When people talk about building a methodology, the advice often sounds like this:
“You need a step-by-step framework.”
“Create a proven process.”
“Walk people through your signature system.”
It sounds helpful — until you run up against a rigid structure that doesn’t fit.
Especially if your work is deeply relational, nuanced, or tailored to each client.
You start asking:
- But what if every client is different?
- What if I don’t do the same thing every time?
- How do I create a framework that leaves space for discovery, depth, or humanity?
But methodology is not a rigid playbook.
It’s a map.
Methodology as a Map
Back in my Portland days, my friend Matt wrote a book about 100 hikes in the Pacific Northwest. But it wasn’t a turn-by-turn guide.
It was a map of the terrain: elevation gains, trail forks, false summits, entry points, weather patterns, and views worth stopping for.
I hiked a few of those trails, including a frankly terrifying two-day ascent of Mount Adams.
Some hikers camped overnight at a common waypoint. Others pushed to the summit in a single day. Most glissaded down; I had to be walked down, because I was too unsteady to manage the descent alone (a story for another time).

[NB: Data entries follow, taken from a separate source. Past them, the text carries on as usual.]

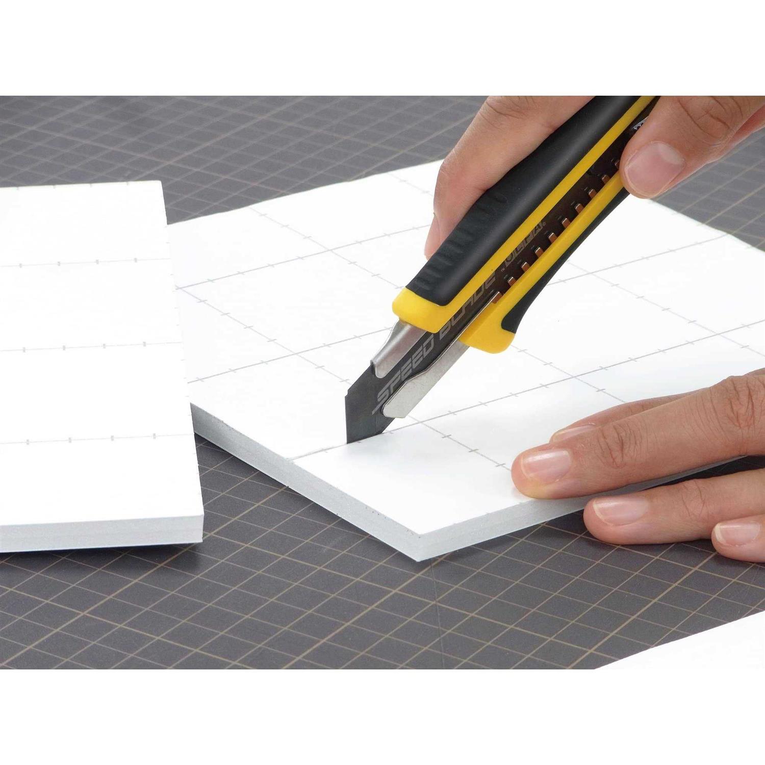The OLFAĀ LA-X fiberglass reinforced utility knife with wrap-around rubber grip, lets you work with confidence. The ergonomic pistol-grip handle contours to the hand, making this knife your go-to cutting tool. The rugged stainless steel blade channel extends the full length of the handle to support heavy-duty cutting. The auto-lock blade slider allows for quick and easy one-touch blade extension into multiple cutting depths. The knife includes a multi-purpose metal pick for all of those tasks where you should not use your blade tip. It is ideal for opening paint cans, removing plate covers, cleaning out caulk and more. Plus the handle is chemically resistant to paint and MRO environments. Use this utility knife for any heavy-duty cutting applications such as construction, drywall, carpet, flooring and more.
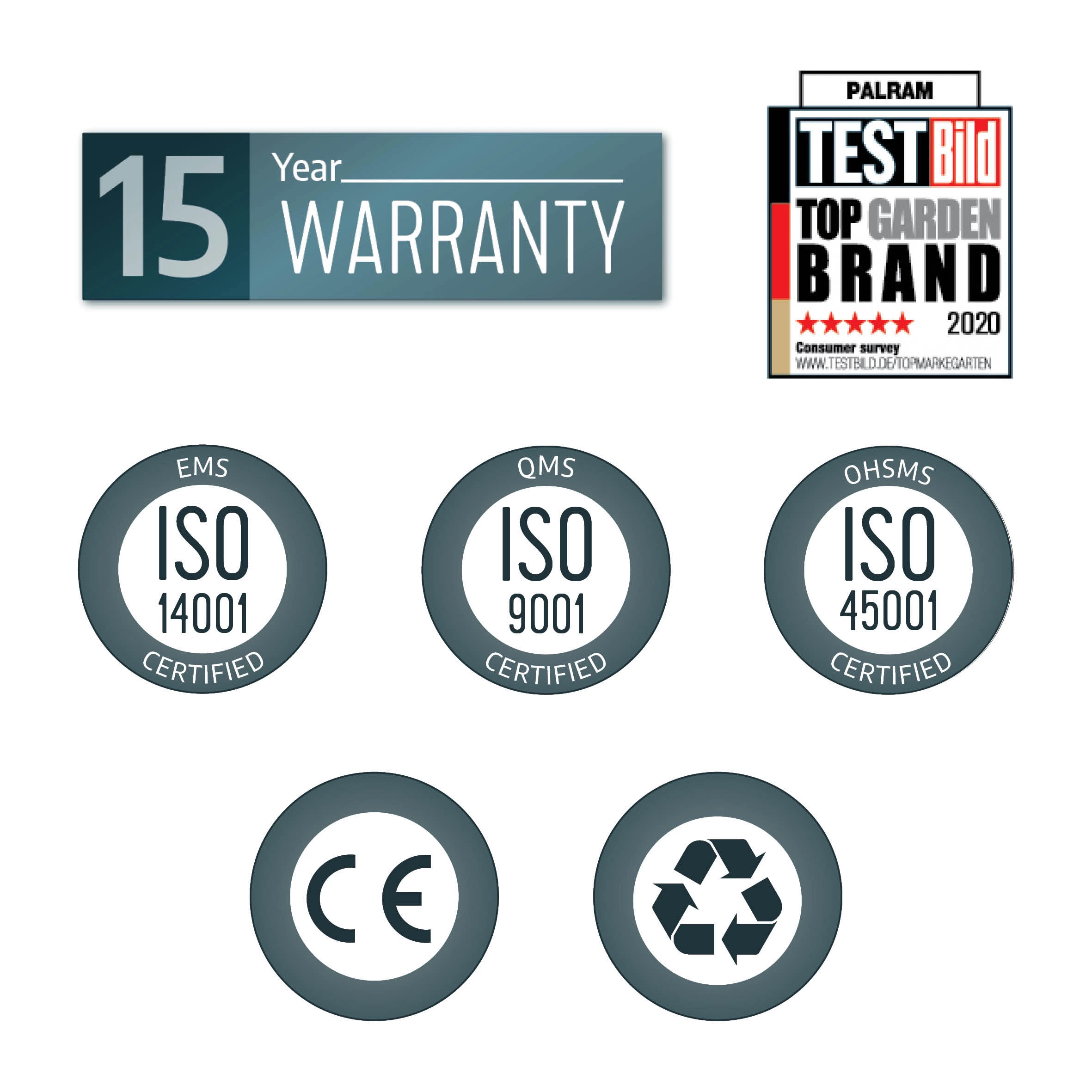 - Robust and massive structure – highly durable & rust resistant anthracite powder coated aluminium profiles and galvanised steel connectors
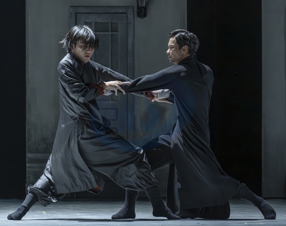 Sadlers Wells, London, UK. 29th August, 2024. Wing Chun - A fusion of contemporary dance, drama and martial arts tells the true story of Grandmaster Yip Man, trainer of Bruce Lee, choreographed by Han Zhen and Zhou Liya & written by Feng Shuangbai. Running from 30 Aug-7 Sept the spectacle tells the story of the 300-year-old martial art Wing Chun and the man who is credited with bringing it to the world, Grandmaster Yip Man, the man who trained Bruce Lee and founded The Ving Tsun Athletic Association. Image: Fight scene, Praying Mantis Master - He Junbo, Tai Chi Master - Zhang Zhenguo, Credit:MALCOLM PARK / Avalon

There were shared landmarks — Lunch Counter, the final pitch — but no two groups navigated the climb the same way.
And yet, it wasn’t random.
The map told you:
- Where you were headed
- What to expect along the way
- What to bring
- What to avoid
Your methodology works the same way.
It maps:
- The terrain your clients are moving through
- The tools and guidance you bring to the journey
- The signals and decisions that matter most to the goal
And it’s not just how you guide; it’s where you guide, and why.
You might choose to map the Pacific Northwest or the Appalachian Trail, each with very different climates. In my work, I’ve chosen to map the terrain for solo and small experts growing knowledge-based businesses, because others have mapped the terrain for business growth for larger orgs or SaaS businesses.
You might chart a course for alpine climbing (showcasing a linear ascent path) or outline the landscape for mushroom foraging (built around seasonal patterns and collection tools).
Different terrains mean different tools, risks, pace, and priorities.
Different objectives shift what you highlight, name, or skip entirely.
Same topic, different maps
Let’s say two coaches both specialize in leadership.
Coach A: The First-Time Manager Guide
This coach works with new managers stepping into their first leadership role. Moving off the path of individual contributor and into the unfamiliar brush.
This map includes:
- Tools: giving feedback, managing performance, learning to delegate
- Inner work: people-pleasing, navigating conflict, peer-to-leader shifts
- Waypoints: “I gave my first piece of critical feedback” or “I ran a team meeting without chaos”
Coach B: The Executive Strategist
This coach supports senior leaders managing teams of teams, often during a strategic shift.
Same topic (leadership). Very different terrain, with a very different map.
This map includes:
- Tools: org design, cross-functional leadership, leading through leaders
- Inner work: strategic discernment, energy management, legacy thinking
- Waypoints: “I reshaped the culture,” “My team drives outcomes without me in the room”
Same theme. Very different map.
And if you zoom in further, focusing your exploration on particular industries, organization sizes, or business models?
The maps can get even more detailed and nuanced, meaning that you’re able to be even more confident about the tools to use, the navigational signals, and the boundaries to the terrain you cover. Think about the level of detail you can get to by deep diving on one trail versus guiding using only a high-level overview of the Pacific Northwest.
A clear map signals to your best fit clients that you see them and what they are traveling through with specificity. It's why focusing on a specific terrain, with a distinct pattern, often leads to more effective sales than saying "I can solve anything with generalized knowledge."
A confident guide, not a “proven formula”
Many experts resist defining a methodology because they don’t want to feel boxed in.
But clients aren’t asking for a box, or even a step-by-step process (even if that’s what we’re told they want!).
They’re asking for a map — and a guide — they can trust.
They want to know:
- Have you guided people like me before?
- Do you know what I’m walking into?
- Can you see what’s coming — even if I can’t?
Having a methodology builds trust.
Not because it predicts everything or promises a single path.
But because it proves you’ve walked this terrain before.
That you can guide your clients with clear eyes and sure footing.
That you’ve learned the landscape, know the landmarks, and can lead them through the terrain with clarity and care.